ちらりと横目で確認する。青いセーターを着込んだ40前後の男が、グラビア誌を読みながら、ズボンの上から股間をモミモミしていた。それも軽い感じではなく、鷲づかみにした股間を大きく前後左右にさするようなかなりエグイやり方で。やがて、音量大きめの独り言も。

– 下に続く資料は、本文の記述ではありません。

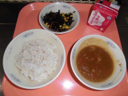 麦ごはん・牛乳・チキンカレー・ひじきのソテー
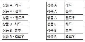 이 예시의 경우 두 가지 형태로 편집한 사항인데, 왼쪽의 형태처럼 한 셀 안에 상품명의 정보와 옵션의 정보가 모두 있는 경우는 상품 A가 얼마나 팔렸는지 팡가 하기 위해 별도의 작업이 추가로 필요하게 된다는 것입니다. 오른쪽 예시처럼 한 열에는 상품 A, 상품 B와 같은 상품명을, 다른 한 열에는 레드, 블루 등과 같은 옵션을 입력할 경우 상품 A가 얼마나 팔렸는지, 상품 A의 레드가 얼마나 팔렸는지, 레드 색상이 얼마나 팔렸는지 등 각각의 조합에 따른 분석이 다양하게 가능하게 됩니다.
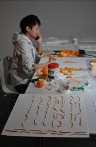 這個創意廣告,除了右上角的漢字是給人看的,其他地方是橘子皮、橘子肉、橘子汁…等橘子的「零件」所佔滿。
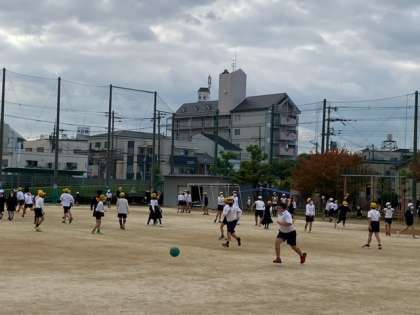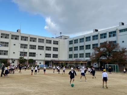 ボールで遊んでいる児童もいます。運動場の主役は子どもたちです。
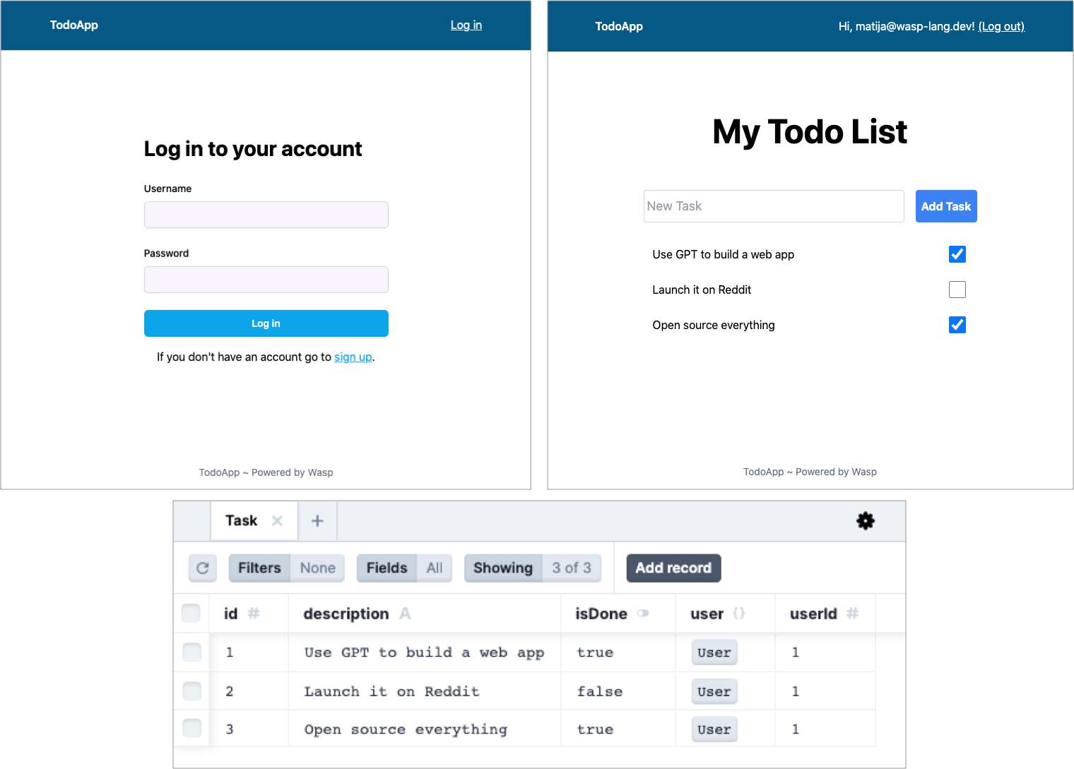 We started this as an experiment, to see how well we could use GPT to generate full-stack web apps in Wasp, the open-source JS web app framework that we are developing. Since we launched, we had more than 3000 apps generated in just a couple of days!
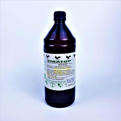 Viratop is an iodine-based broad-spectrum antiviral solution designed for poultry. When appropriately diluted, it can be administered through drinking water to prevent and suppress viral infections such as Gumboro and Newcastle disease.

「…う〜〜わ、Gカップかぁ〜! だけど乳首がなぁ! 黒いってのがなぁ!」
アッチ系の人なのは間違いない。病院が閉まってもまだ徘徊しているとはどういうわけだ。「失礼ですけど、あそこの病院に通ってる方ですか?」
声をかけると男はチラッとこちらを一瞥し、スタスタと雑誌コーナーを離れていった。
「あ、あの…」

「プロレス、プロレス! あれがどうもダメなんだよな!」
意味不明な台詞を吐き、男が店内フロアで妙な動作をはじめた。クルリとターンしたり、足踏みしたり、ズボンを思いっきりつり上げて股間を強調したり。何かよろしくないスイッチが入ってしまったようだ。小さな女のコを連れた母親が、男の様子に青ざめ、逃げるように店を出ていった。他の客も、何なんだアイツはと一様に顔をしかめている。やがて見かねた書店員がやんわり退店を促すと、男は「ふう」と大きく息を吐いてうなずいた。
「大変ありがとうございました。また来ます!」
無事、男が去った後、店員に話しかけた。
「大変ですね。いつもこうなんですか?」
「ああいう病院が近くにあるので、やっぱりねえ…。でもまあ、ここらの人はそういう事情をわかってるし、誰もそんなに気にしてないとは思いますけどね」
今回の訪問。部外者のおれにはかなりショッキングな場面が少なからずあったが、地元の人にとってはありふれた日常に過ぎないという印象を受けた。町におかしな人がいるとはいえ、それを原因とする悲惨な事件が起きてないことも大きいのだと思う。この先もずっと、平和が続くことを願うばかりだ。